In particular, the WizardCoder models are optimized for multi-turn interactions, allowing them to engage in iterative problem-solving and debugging processes. This feature is useful for developers who need step-by-step assistance or clarification during coding tasks.

💡

During development, adding log messages is a good practice that helps you with debugging errors. To configure logging for your development workflow in n8n, read about the logging feature and how to configure it.

The Vicuna family

Best for: Understanding and managing multi-file projects.

The Vicuna family models, by the LMSYS, are a general-purpose chat assistant built on the foundation of Llama and Llama 2 architectures. The model is offered in three sizes: 7 billion, 13 billion, and 33 billion parameters, catering to varying computational needs and performance requirements.

These models are designed to handle a wide range of general-purpose chat tasks, making them versatile tools for applications like customer support, personal assistance, and educational purposes.

License:

Open-weight models (the models are built on top of the LLaMA and LLaMA 2 architectures, which are themselves released under a non-commercial license. So, their weights are publicly available for download and use but their usage is subject to the licensing terms of the underlying LLaMA and LLaMA 2 models).

Key features for coding:

The Vicuna models are general-purpose conversational models, but they exhibit features that make them useful for coding-related tasks.
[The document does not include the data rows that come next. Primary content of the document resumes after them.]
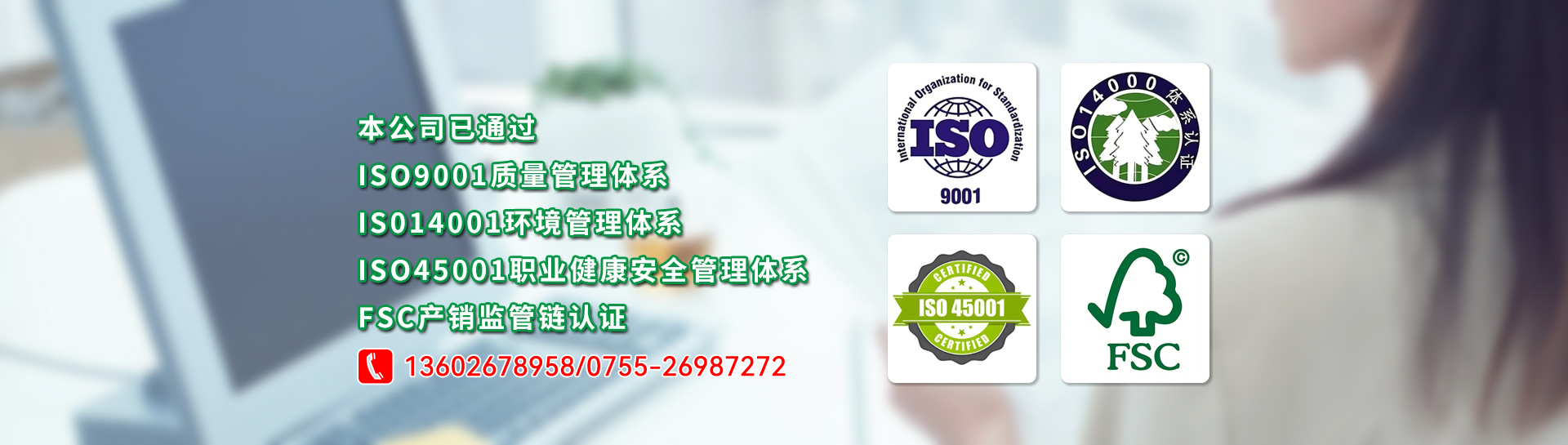 本公司已通過:ISO9001質量管理體系、IS014001環境管理體系、ISO45001職業健康安全管理體系、FSC產銷監管鏈認證!
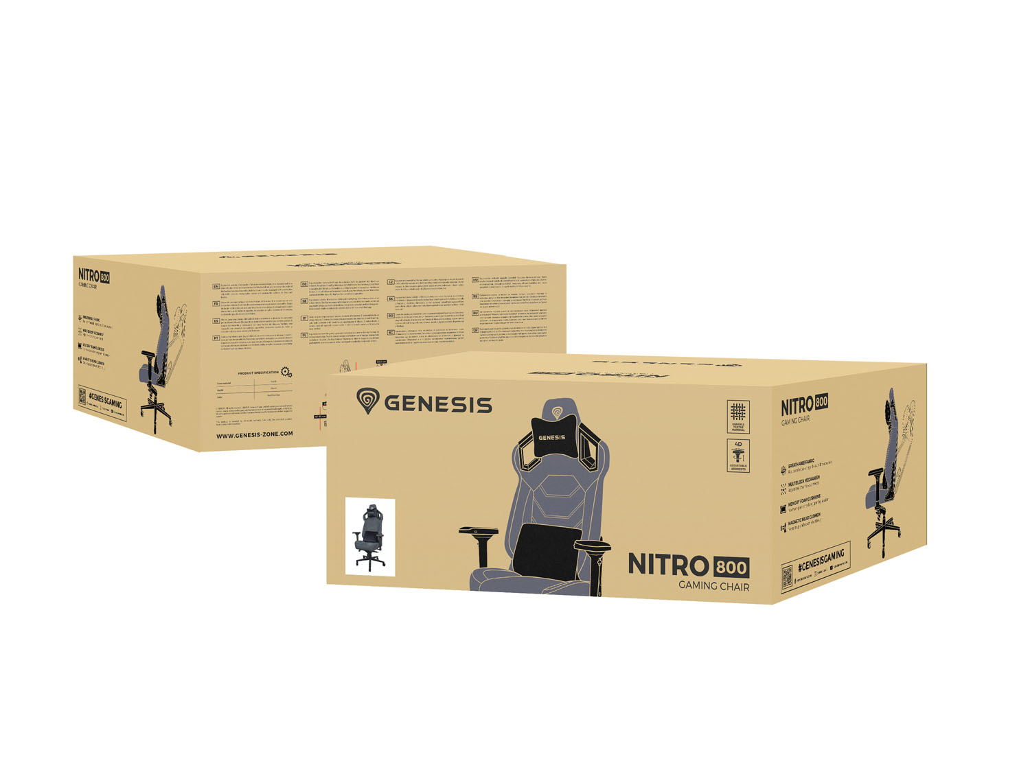 GENESIS Nitro 800 je židle určená pro hráče, kteří si potřebují plně přizpůsobit židli pro maximální pohodlí a oporu zad. Díky použití moderních materiálů nejvyšší kvality se jedná o výrobek, který kombinuje pohodlí s v tomto cenovém segmentu nesrovnatelnou odolností a zároveň nabízí vynikající oporu těla i během mnohahodinových potyček ve vašich oblíbených hrách.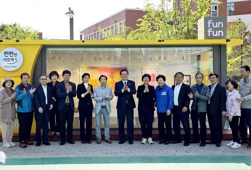 À̹ø¿¡ Á¤½Ä °³°üÇÑ ÆÝÆÝÇÑ ¾ÆÆ®¹Ú½º´Â ±¤Àå, °ø¿ø µî ÁֹεéÀÌ ÀÚÁÖ Ã£´Â °÷¿¡ ¿¹¼úÀÛǰ Àü½Ã °ø°£À» ¸¶·ÃÇÏ¿© Æò¹üÇÑ ÀÏ»ó¿¡ Áñ°Å¿ò°ú Ȱ·ÂÀ» Á¦°øÇϰíÀÚ ºÏ±¸°¡ Áö³­ 2¿ù Á¶¼ºÇÑ ÄÁÅ×À̳ÊÇü Àü½Ã°üÀÌ´Ù.

In particular, Vicuna excels in multi-turn conversations, which is advantageous for iterative coding tasks, so developers can engage in back-and-forth discussions with the model to refine code, troubleshoot errors, or explore alternative solutions. Also, the v1.5-16k variant of supports a context size of up to 16,000 tokens: this extended context length makes this the best LLM for coding from its family in the particular case where coding tasks involve analyzing or generating large codebases and understanding multi-file projects.

The SQLcoder family

Best for: Working with SQL queries.

The SQLcoder UI - screenshot taken from the SQLcoder website

SQLCoder, developed by Defog, is a specialized code completion model fine-tuned on the StarCoder base model, designed specifically for SQL generation tasks. It is optimized to convert natural language questions into SQL queries, making it particularly useful for database-related tasks.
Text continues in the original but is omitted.